La banque, dispensatrice de crédit est tenue de mettre en garde l'emprunteur non averti au regard de ses capacités financières et des risques d'endettement nés de l'octroi du prêt (Cour de cassation, Ch. Mixte 29 juin 2007, n°05-21.104), sauf si le prêt est adapté à ses capacités financières et au risque de l'endettement né de l'octroi du prêt (Cour de cassation, Com. 20 avril 2017, n°15-16.316).
"Le préjudice de la caution consécutif au manquement d'un établissement de crédit à son devoir de mise en garde à l'égard de l'emprunteur non averti consiste dans la perte de la chance que l'emprunteur renonce au prêt et qu'elle ne s'engage donc pas comme caution, évitant ainsi le risque qu'on lui demande de payer la dette garantie." (Cour de cassation, Com., 9 mars 2022, n°20-10.678)

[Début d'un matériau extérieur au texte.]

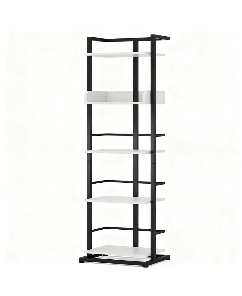 Yigii 5 Tier Narrow Wood Bookcase Metal Edge Industrial Corner Storage Shelf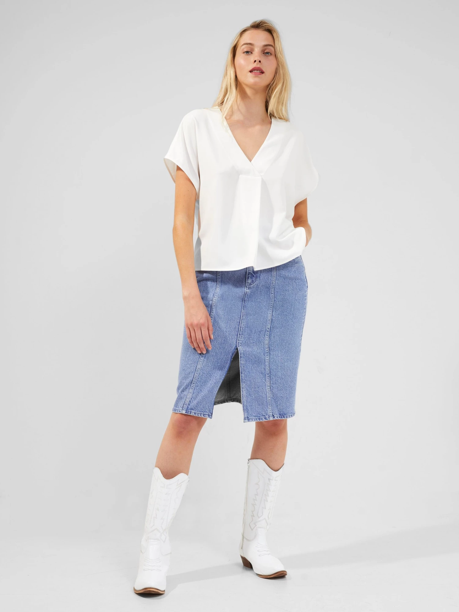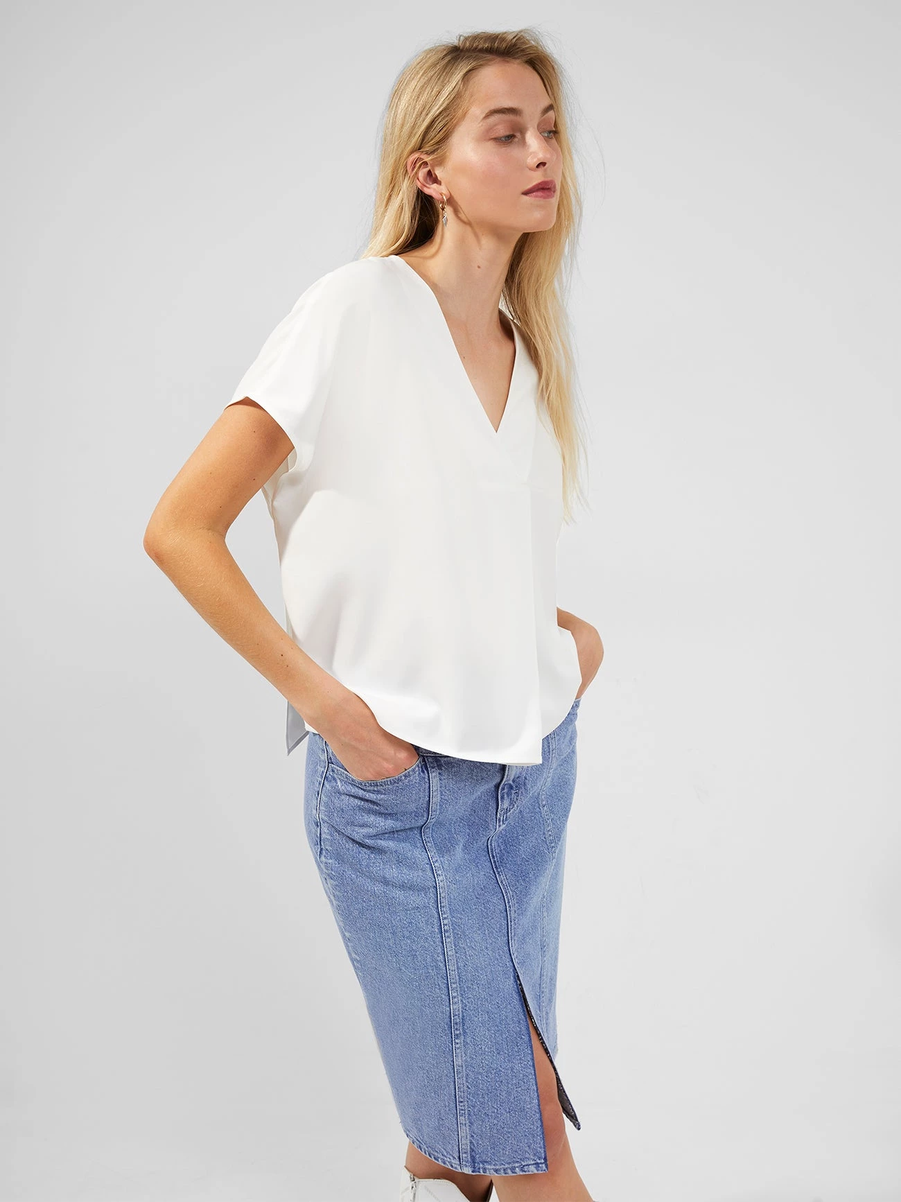 Light as air, hence the name, the Crepe Light Top will become your next go-to basic. Featuring a relaxed fit, V-neckline and unique fold design.

Il est ainsi de jurisprudence constante que l'assujettissement au devoir de mise en garde suppose, d'une part, un risque d'endettement excessif et, d'autre part, que le client soit non-averti, ces deux conditions cumulatives s'appréciant successivement et dans cet ordre.
Ainsi, si à la date de la conclusion du contrat, il apparaît que le crédit était adapté aux capacités financières de l'emprunteur et au risque d'endettement né de l'octroi du prêt, le banquier n'est tenu d'aucun devoir de mise en garde et les juges du fond n'ont pas à rechercher si l'emprunteur était ou non averti (Cour de cassation, Com. 7 juill. 2009, n°08-13.536).
Il convient ainsi tout d'abord de rechercher si la première condition est remplie, alors que, concernant le risque d'endettement excessif, "l'obligation de mise en garde à laquelle peut être tenu un établissement de crédit à l'égard d'un emprunteur non averti avant de lui consentir un prêt ne porte que sur l'inadaptation de celui-ci aux capacités financières de l'emprunteur et sur le risque de l'endettement qui résulte de son octroi, et non sur l'opportunité ou les risques de l'opération financée." (Cour de cassation Com., 11 décembre 2024, pourvoi n° 23-15.744).
Il appartient à l'emprunteur ou la caution de rapporter la preuve d'un risque d'endettement qui serait né de l'octroi du crédit (Cour de cassation, Com. 15 février 2011), étant précisé que "le risque d'endettement auquel s'expose le crédité s'apprécie uniquement au regard des informations qu'il déclare au créditeur, celui-ci n'ayant pas à s'enquérir de leur exactitude" (Cour de cassation, 1ère Civ., 1erjuin 2016, n°15-15.051).
Enfin, les capacités financières s'apprécient au regard de la valeur des éléments du patrimoine garantissant le remboursement. Les capacités financières comprennent le patrimoine et les revenus (Cour de Cassation, Com., 6 décembre 2011).
En l'espèce, un prêt d'un montant de 286.000 euros, remboursable sur 7 années, avec des échéances mensuelles de 3862,37 euros a été accordé à la société Aquadome un mois et demi après son immatriculation.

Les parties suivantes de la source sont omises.